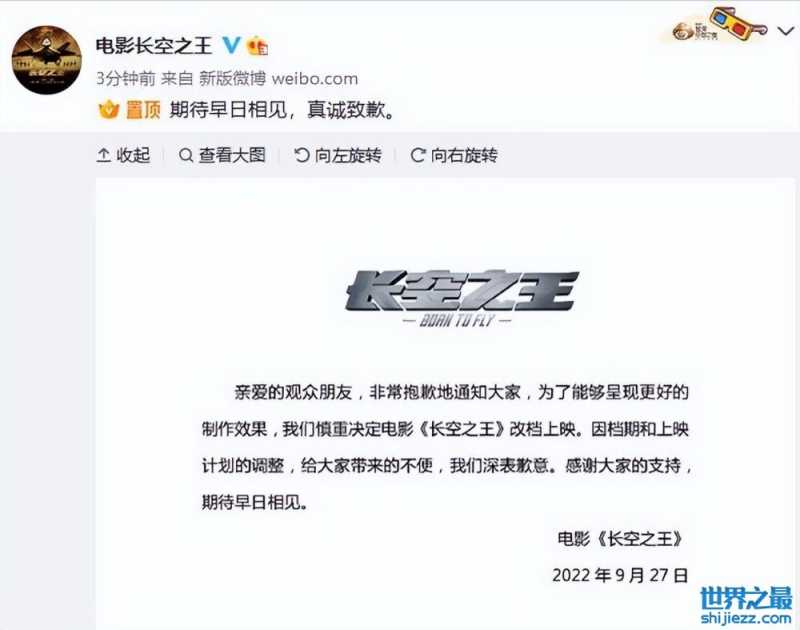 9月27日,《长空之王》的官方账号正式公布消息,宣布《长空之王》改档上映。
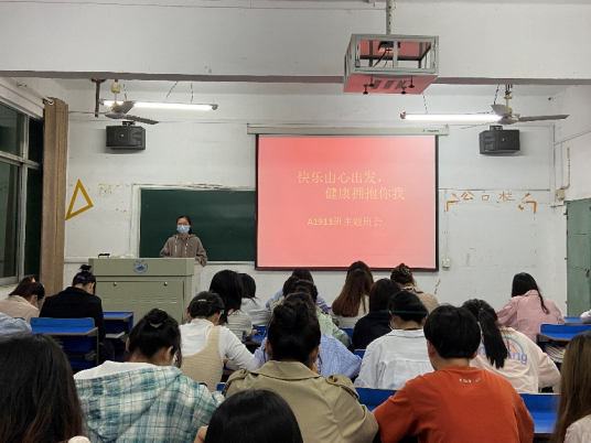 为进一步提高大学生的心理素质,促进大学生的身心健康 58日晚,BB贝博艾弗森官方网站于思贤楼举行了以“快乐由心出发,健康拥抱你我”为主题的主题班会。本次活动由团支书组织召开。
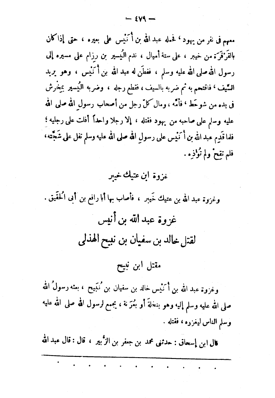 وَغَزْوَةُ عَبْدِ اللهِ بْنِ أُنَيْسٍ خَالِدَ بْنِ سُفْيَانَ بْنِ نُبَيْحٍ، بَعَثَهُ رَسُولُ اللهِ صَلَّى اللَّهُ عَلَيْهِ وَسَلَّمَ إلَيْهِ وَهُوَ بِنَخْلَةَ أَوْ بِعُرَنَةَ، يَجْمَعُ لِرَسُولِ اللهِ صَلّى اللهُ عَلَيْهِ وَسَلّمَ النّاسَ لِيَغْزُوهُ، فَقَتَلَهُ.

* * *

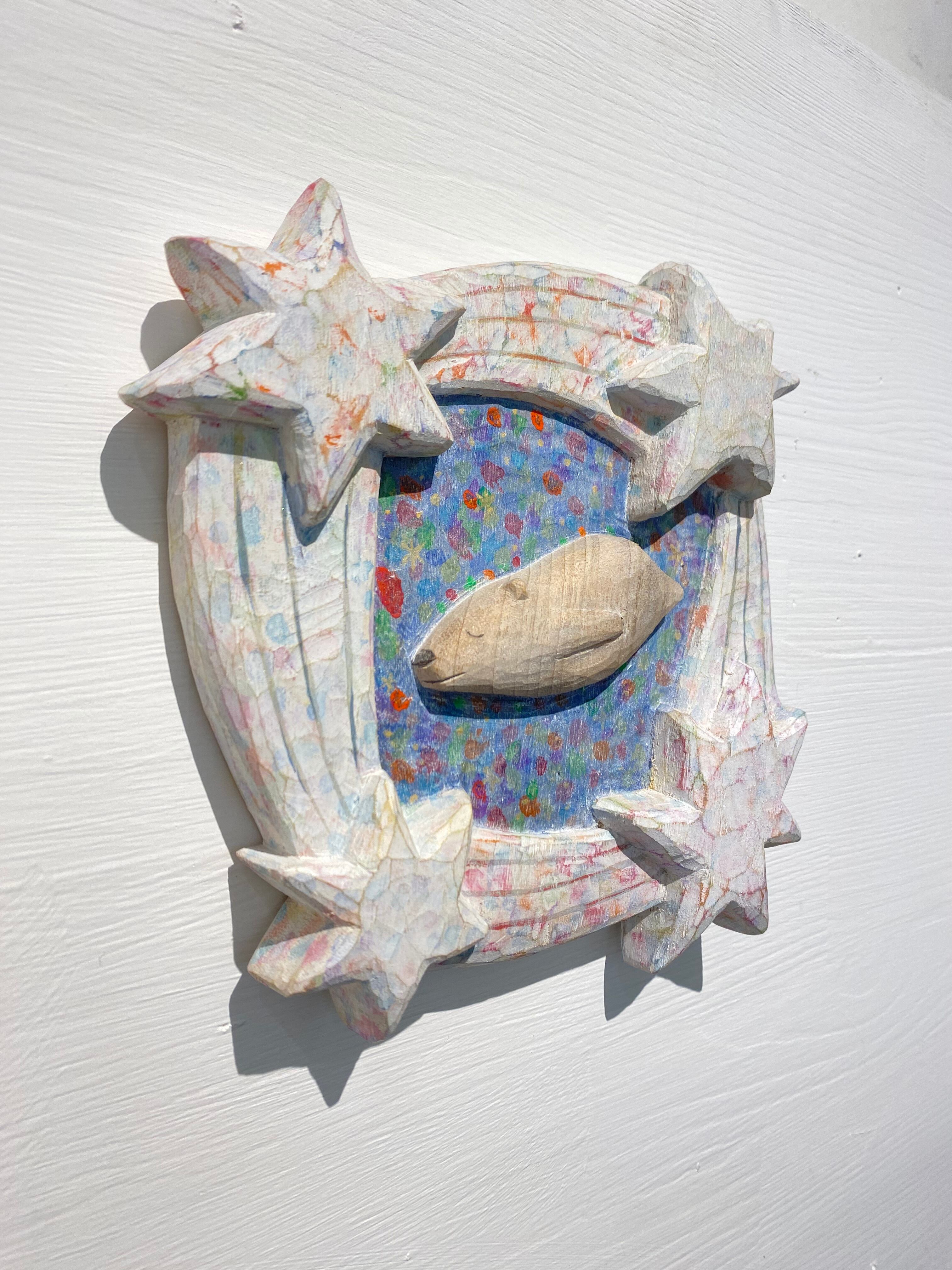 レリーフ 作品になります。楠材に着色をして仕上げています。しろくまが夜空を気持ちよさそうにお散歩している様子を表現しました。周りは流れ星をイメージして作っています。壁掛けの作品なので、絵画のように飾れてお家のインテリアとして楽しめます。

**What is needed:**
A clean copy is needed of the lines in the listing above from the one with "为进一步提高大学生的心理素质" through the one with "وَغَزْوَةُ عَبْدِ اللهِ", exact in every word and free of pictures.

**Problem solution:**
 为进一步提高大学生的心理素质,促进大学生的身心健康 58日晚,BB贝博艾弗森官方网站于思贤楼举行了以“快乐由心出发,健康拥抱你我”为主题的主题班会。本次活动由团支书组织召开。
 وَغَزْوَةُ عَبْدِ اللهِ بْنِ أُنَيْسٍ خَالِدَ بْنِ سُفْيَانَ بْنِ نُبَيْحٍ، بَعَثَهُ رَسُولُ اللهِ صَلَّى اللَّهُ عَلَيْهِ وَسَلَّمَ إلَيْهِ وَهُوَ بِنَخْلَةَ أَوْ بِعُرَنَةَ، يَجْمَعُ لِرَسُولِ اللهِ صَلّى اللهُ عَلَيْهِ وَسَلّمَ النّاسَ لِيَغْزُوهُ، فَقَتَلَهُ.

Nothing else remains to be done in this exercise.